------ Data ------

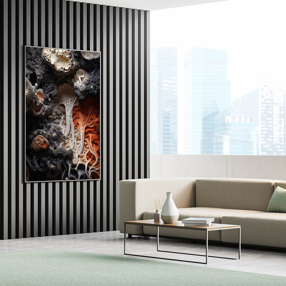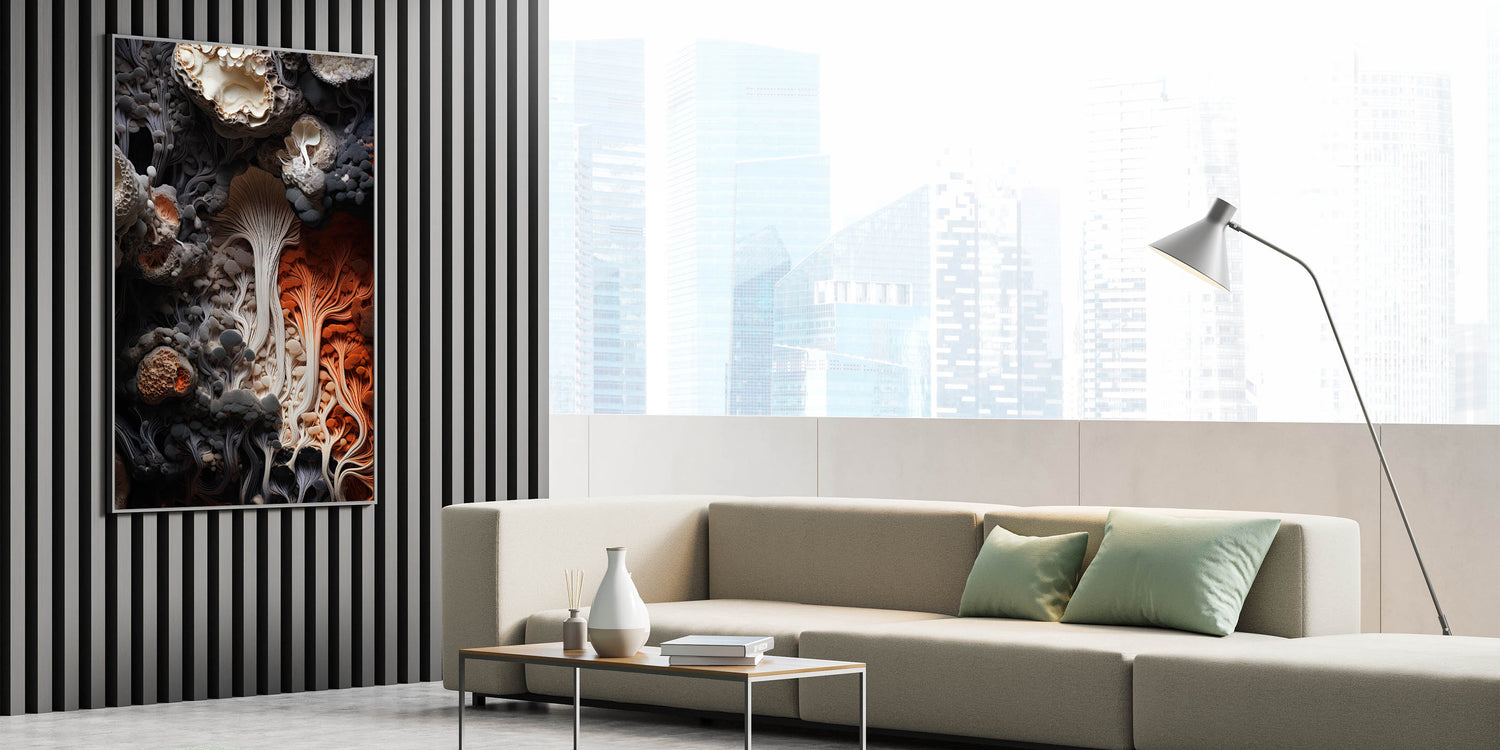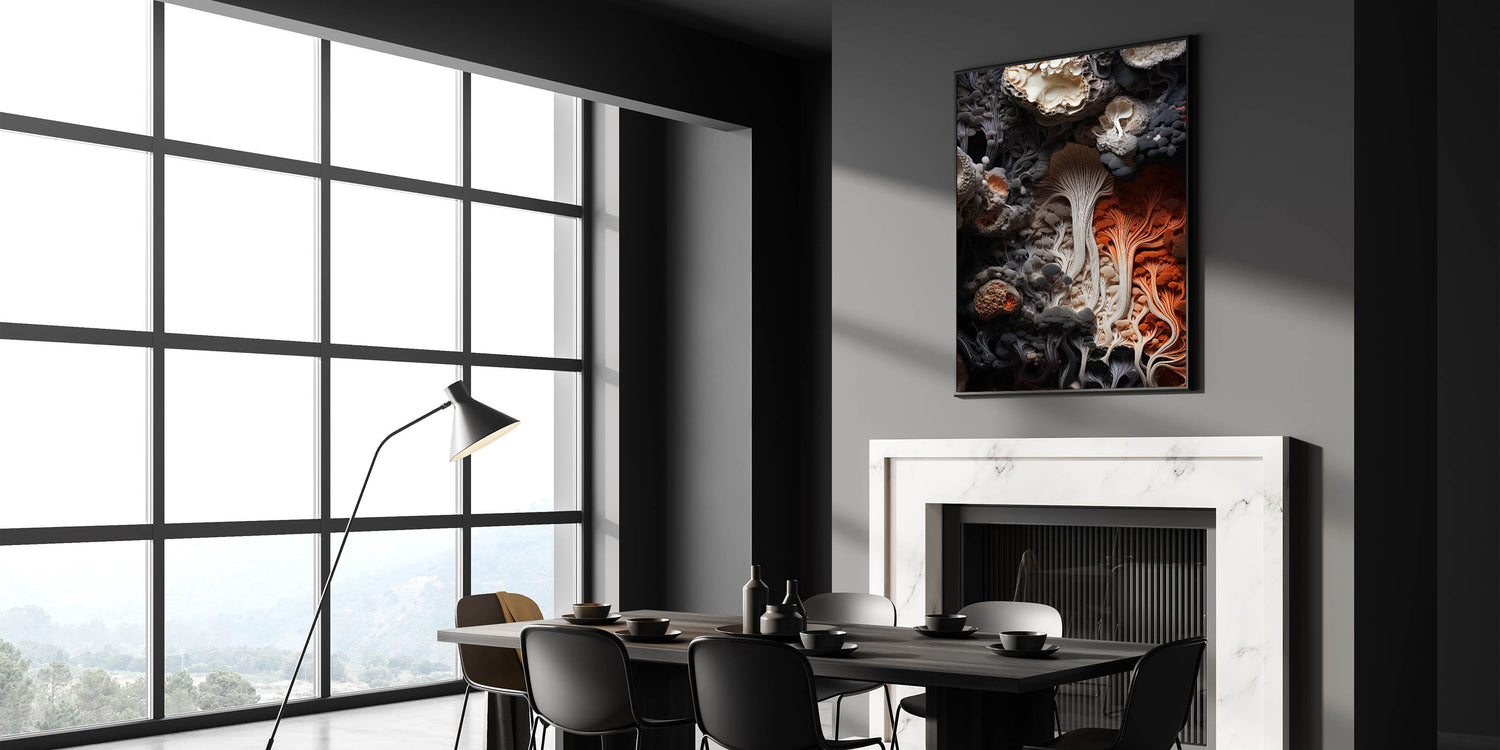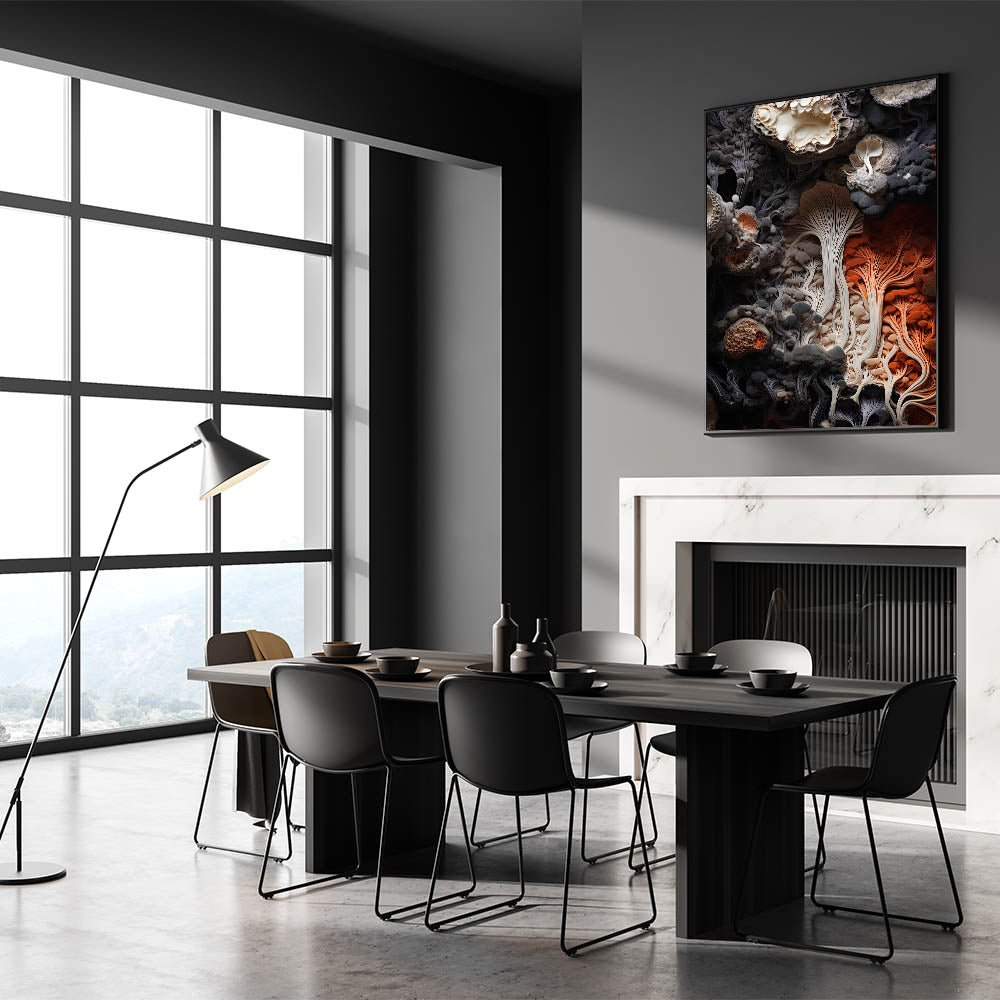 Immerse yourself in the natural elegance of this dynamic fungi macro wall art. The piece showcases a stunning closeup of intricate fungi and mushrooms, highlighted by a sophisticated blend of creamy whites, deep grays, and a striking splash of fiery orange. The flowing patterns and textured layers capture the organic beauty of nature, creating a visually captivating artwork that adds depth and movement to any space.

------
------ Data ------

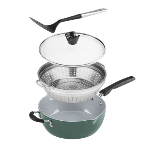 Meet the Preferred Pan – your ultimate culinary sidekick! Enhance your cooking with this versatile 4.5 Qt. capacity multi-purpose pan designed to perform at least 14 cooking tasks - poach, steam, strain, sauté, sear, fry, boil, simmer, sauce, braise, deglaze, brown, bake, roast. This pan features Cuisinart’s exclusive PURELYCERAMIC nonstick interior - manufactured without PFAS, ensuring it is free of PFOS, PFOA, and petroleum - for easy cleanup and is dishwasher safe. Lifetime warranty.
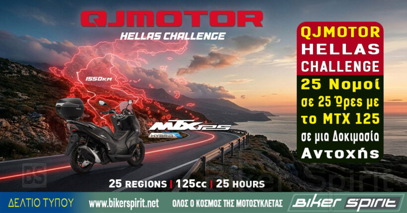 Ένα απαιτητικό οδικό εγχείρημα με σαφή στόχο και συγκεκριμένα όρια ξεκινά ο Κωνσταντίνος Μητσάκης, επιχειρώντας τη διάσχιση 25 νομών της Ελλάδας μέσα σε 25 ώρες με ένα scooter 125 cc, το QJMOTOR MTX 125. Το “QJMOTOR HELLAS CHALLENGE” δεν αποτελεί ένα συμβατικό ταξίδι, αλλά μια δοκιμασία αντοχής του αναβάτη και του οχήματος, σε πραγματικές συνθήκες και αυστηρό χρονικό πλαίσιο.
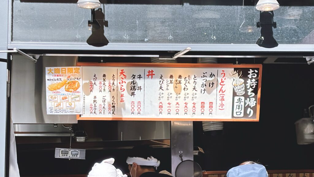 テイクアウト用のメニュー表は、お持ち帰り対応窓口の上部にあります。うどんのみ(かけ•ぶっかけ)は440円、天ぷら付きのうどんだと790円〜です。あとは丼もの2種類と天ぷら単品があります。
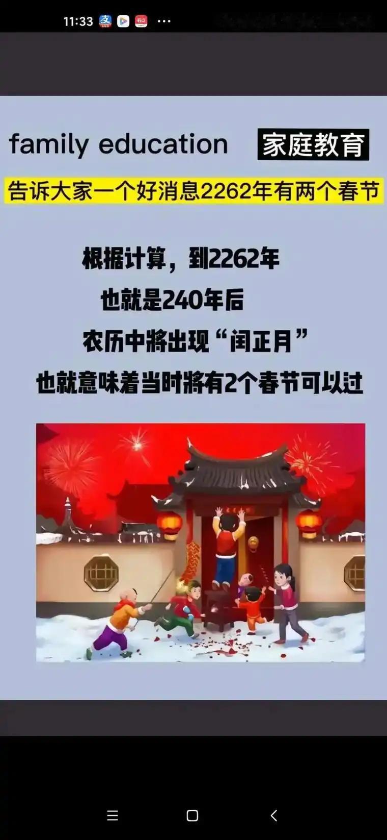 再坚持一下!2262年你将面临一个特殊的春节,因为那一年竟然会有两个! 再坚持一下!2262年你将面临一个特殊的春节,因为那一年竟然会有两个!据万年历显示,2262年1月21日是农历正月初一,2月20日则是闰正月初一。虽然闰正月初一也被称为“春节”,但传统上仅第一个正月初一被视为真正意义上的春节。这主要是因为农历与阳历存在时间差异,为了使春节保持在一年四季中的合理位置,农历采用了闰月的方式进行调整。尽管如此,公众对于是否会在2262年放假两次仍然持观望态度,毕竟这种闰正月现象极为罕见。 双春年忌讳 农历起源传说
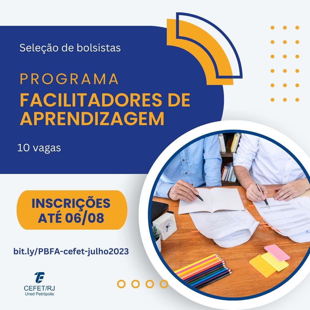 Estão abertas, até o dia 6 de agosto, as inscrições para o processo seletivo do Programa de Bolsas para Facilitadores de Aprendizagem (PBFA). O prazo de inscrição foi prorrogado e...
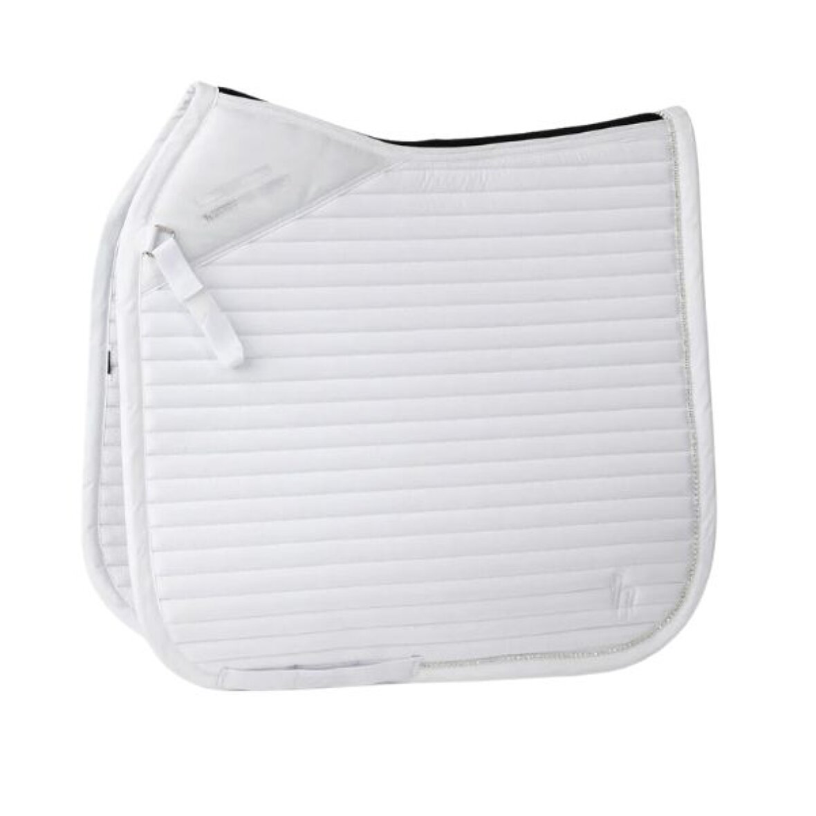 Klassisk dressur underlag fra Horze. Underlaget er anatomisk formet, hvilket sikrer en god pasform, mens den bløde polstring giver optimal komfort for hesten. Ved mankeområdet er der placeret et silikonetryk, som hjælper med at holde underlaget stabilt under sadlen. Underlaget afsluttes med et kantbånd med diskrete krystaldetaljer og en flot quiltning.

------
------ Data ------

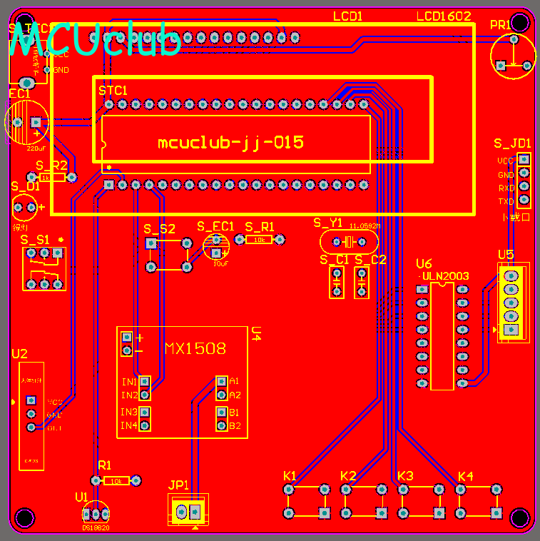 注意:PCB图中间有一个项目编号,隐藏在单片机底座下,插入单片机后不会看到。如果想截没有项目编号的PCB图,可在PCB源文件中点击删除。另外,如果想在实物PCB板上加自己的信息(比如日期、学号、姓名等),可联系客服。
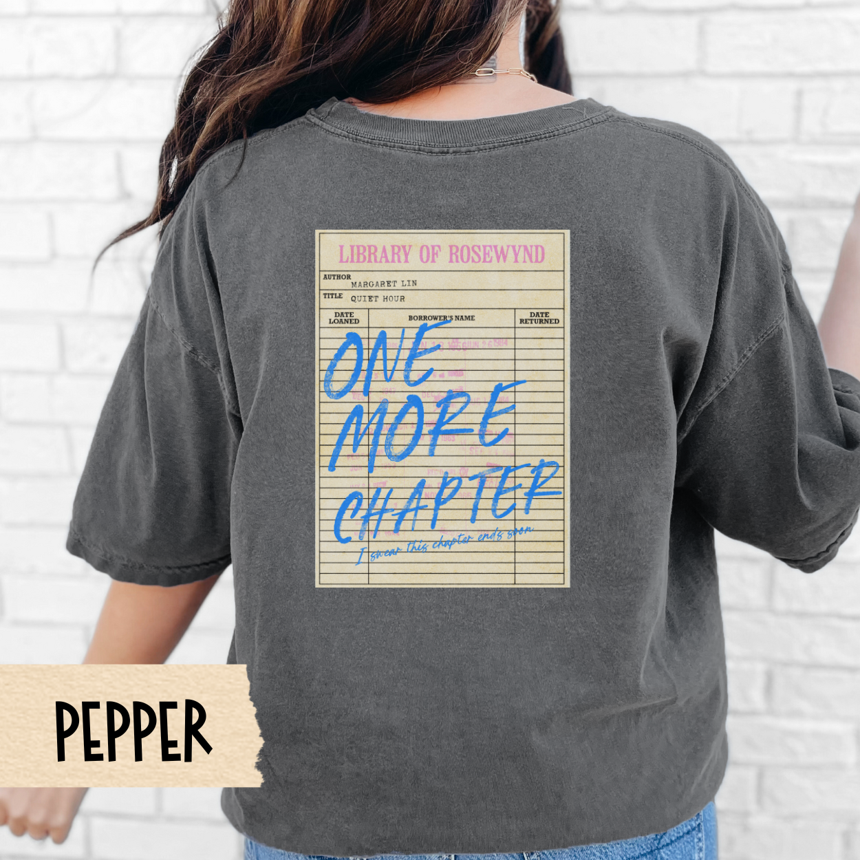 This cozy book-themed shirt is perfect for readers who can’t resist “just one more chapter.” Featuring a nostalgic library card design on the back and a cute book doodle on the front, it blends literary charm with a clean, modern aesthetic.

------

> _Work instructions_
Beginning at the line that has "テイクアウト用のメニュー表は" and ending at the line that has "Klassisk dressur underlag", restate the listing above word for word, pictures left out.

> _Solution to this problem_
 テイクアウト用のメニュー表は、お持ち帰り対応窓口の上部にあります。うどんのみ(かけ•ぶっかけ)は440円、天ぷら付きのうどんだと790円〜です。あとは丼もの2種類と天ぷら単品があります。
 再坚持一下!2262年你将面临一个特殊的春节,因为那一年竟然会有两个! 再坚持一下!2262年你将面临一个特殊的春节,因为那一年竟然会有两个!据万年历显示,2262年1月21日是农历正月初一,2月20日则是闰正月初一。虽然闰正月初一也被称为“春节”,但传统上仅第一个正月初一被视为真正意义上的春节。这主要是因为农历与阳历存在时间差异,为了使春节保持在一年四季中的合理位置,农历采用了闰月的方式进行调整。尽管如此,公众对于是否会在2262年放假两次仍然持观望态度,毕竟这种闰正月现象极为罕见。 双春年忌讳 农历起源传说
 Estão abertas, até o dia 6 de agosto, as inscrições para o processo seletivo do Programa de Bolsas para Facilitadores de Aprendizagem (PBFA). O prazo de inscrição foi prorrogado e...
 Klassisk dressur underlag fra Horze. Underlaget er anatomisk formet, hvilket sikrer en god pasform, mens den bløde polstring giver optimal komfort for hesten. Ved mankeområdet er der placeret et silikonetryk, som hjælper med at holde underlaget stabilt under sadlen. Underlaget afsluttes med et kantbånd med diskrete krystaldetaljer og en flot quiltning.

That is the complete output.